The Taxpayer Bill of Rights is viewed by some as a step in the right direction. Others see it as smoke and mirrors. But the wordy — yet historic — Taxpayer Relief Act of 1997 remains the largest tax-cut legislation in 16 years.
Sifting through the technical and legal language, what does the Taxpayer Bill of Rights mean to the average business owner?
“The bill has some good aspects to it, but it is a lot of smoke and mirrors,” said Walt Dallas, tax attorney and partner with Barnes Broom Dallas & McLeod PLLC. “It’s less substantive than reports indicate.”
The act covers improvements in capital gains, Roth IRAs, child credits, estate tax reductions, education tax incentives and other provisions, totaling more than 40 rule changes.
“A lot of areas were particularly beneficial, especially from an accounting viewpoint,” said Woody York, tax partner at Arthur Andersen LLP in Jackson. “The act allows taxpayers to talk about transactions with their accountants without being concerned, for the most part, about confidentiality.”
There are benefits
Who benefits? Innocent spouses, for starters.
“Allowances have been made for innocent spouses, where one spouse is not penalized for debt of another spouse,” York said. “This particularly helps with cases of estrangement or divorce.”
Worried about a home being seized? The IRS cannot seize the personal residence of a taxpayer to satisfy a tax liability of $5,000 or less. That’s double what it was.
“It has typically not been the policy of the IRS to seize personal residences anyway,” said Dallas, “It’s a very rare occurrence when it happens.”
If tax liability does not exceed $10,000, the IRS must enter into an installment agreement with an individual who requests it, if their tax returns have been filed promptly and accurately within the last five years. “The IRS has to provide that opportunity,” York said.
In the past, the IRS did not have to give an explanation if they deemed it necessary to keep your refund. Under this act, the IRS has to provide a reason. “That happens quite often when a refund is requested and the IRS does not refund it because they disagree,” York said.
“There are many provisions that the small business owner will find very beneficial,” he said.

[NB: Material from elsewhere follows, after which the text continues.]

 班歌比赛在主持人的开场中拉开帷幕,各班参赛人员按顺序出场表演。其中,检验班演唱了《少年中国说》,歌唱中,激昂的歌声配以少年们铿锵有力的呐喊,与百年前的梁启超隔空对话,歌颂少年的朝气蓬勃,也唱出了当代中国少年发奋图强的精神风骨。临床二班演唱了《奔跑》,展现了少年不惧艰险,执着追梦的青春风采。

For example, the taxpayer can collect attorney’s fees if the taxpayer wins a case against the IRS.
“The IRS has always had this provision but the act provides a little more flexibility,” Dallas said. “If, for example, the IRS is being stubborn on an issue and does not compromise, and if the taxpayer wins, the taxpayer can collect attorney’s fees.”

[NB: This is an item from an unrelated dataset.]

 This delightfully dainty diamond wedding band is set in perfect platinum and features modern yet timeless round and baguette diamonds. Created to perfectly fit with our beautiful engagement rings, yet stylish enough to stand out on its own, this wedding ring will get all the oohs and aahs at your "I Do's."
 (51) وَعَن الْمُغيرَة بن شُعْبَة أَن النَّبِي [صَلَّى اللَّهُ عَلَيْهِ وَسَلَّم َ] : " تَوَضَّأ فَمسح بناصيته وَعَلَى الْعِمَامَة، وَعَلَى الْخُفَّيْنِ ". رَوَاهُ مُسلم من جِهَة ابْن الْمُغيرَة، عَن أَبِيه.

The act allowed a statute of limitations in the estate and gift area, Dallas said.
“You used to file a gift tax return and the IRS could come back 20 to 30 years later,” he said. “Now, once you file a gift tax return and make proper disclosure, that gift tax statute of limitation runs.”
The interest rate is now the same for over and under payments — about 5% to 6%, he said.

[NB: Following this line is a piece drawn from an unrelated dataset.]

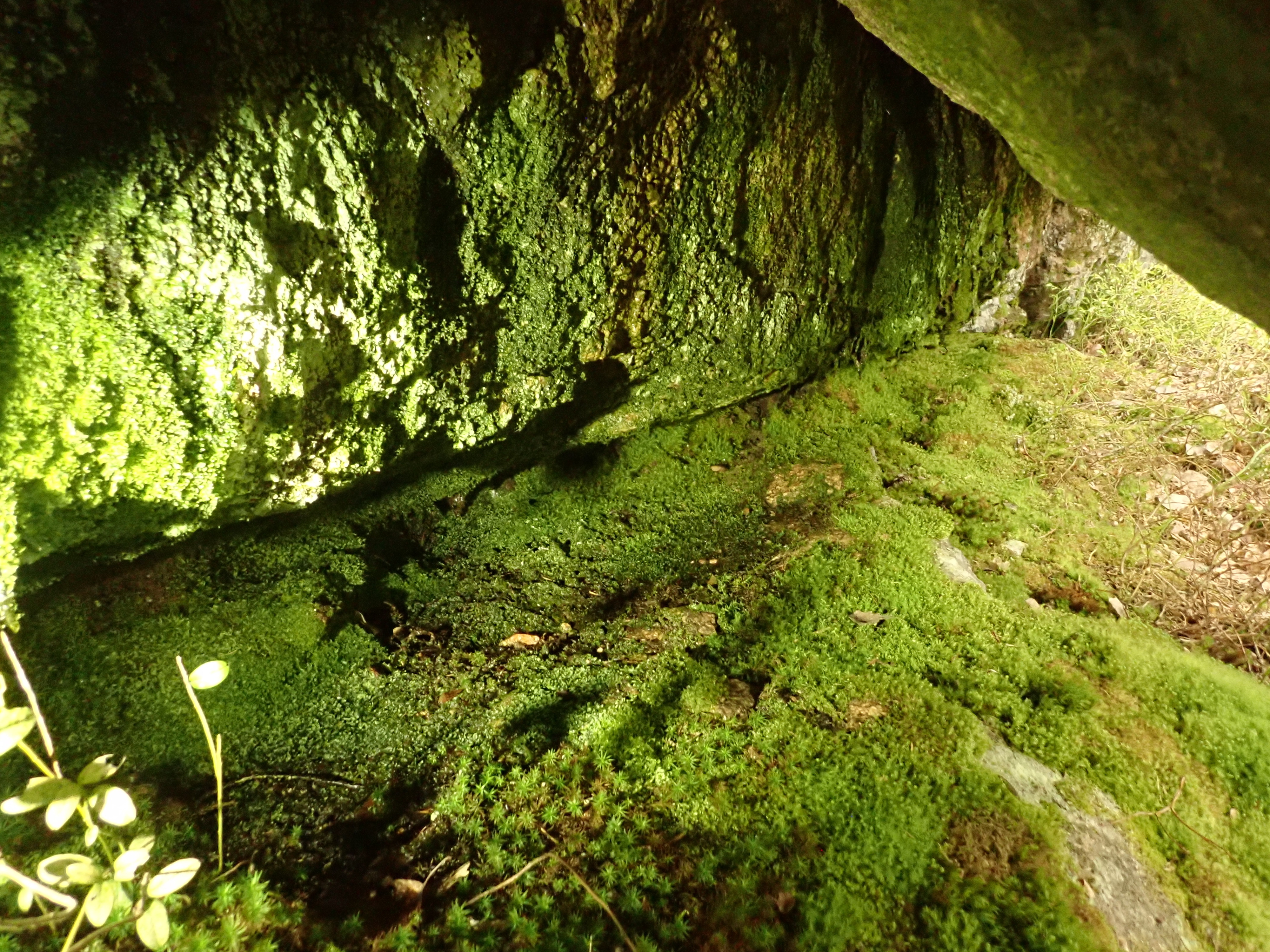 There was also another nice but little overhanging roof on a cliff. Just 2.2 meters long and 1 meters wide, but quite enclosed. And quite green, as the above picture shows! Coordinates for this cavelet are N 60.23075 E 24.67402. And a cave map is available here.

The small case calendar has been increased from $10,000 to $50,000, which will be “a nice help to smaller taxpayers if the court system can hold it,” Dallas said.
What about ‘burden of proof?’
Shifting the burden of proof to the IRS has been met with cynicism, said Dallas.
“The law says if the taxpayer makes certain disclosures, the technical burden of proof shifts to the IRS,” he said. “The IRS has to prove the taxpayer violated the tax law. Once the IRS makes that proof, the burden shifts back to the taxpayer. I’ve heard comments that said nothing has really changed.”
What about the possibility of the IRS rewarding its employees based on tax quotas collected?
“This bill specifically bars the IRS from using records of tax enforcement results to evaluate its employees,” said York. “It does not require, but suggests, that production quotas or goals, with respect to employees, should not be based on their results of examinations. That’s a benefit to the taxpayers.”
Dallas said it has not been the policy of the IRS to reward employees based on a quota system.
“Minor abusive situations that tend to make it in front of Congress have made it seem so,” he said. “Regardless, it’s classified as a positive change.”
Here are some other changes that will affect business people:
• Property held for more than a year — no longer 18 months minimum — will be eligible for lower capital gains rates.
• Taxpayers planning for retirement, and those who have already retired, will have more options with the Roth Conversion IRAs. The new law imposes penalties on some, but not all, early withdrawals.
• Education tax breaks funded in an education IRA applies to taxpayers under the age of 30. Benefits can be shifted to other family members to avoid the penalty.
• The person primarily liable on the student loan can deduct student loan interest.
“Nothing has really changed from a practical sense,” said Dallas. “You’re still going to have to substantiate your deductions. You’re going to have to prove your positions are correct.”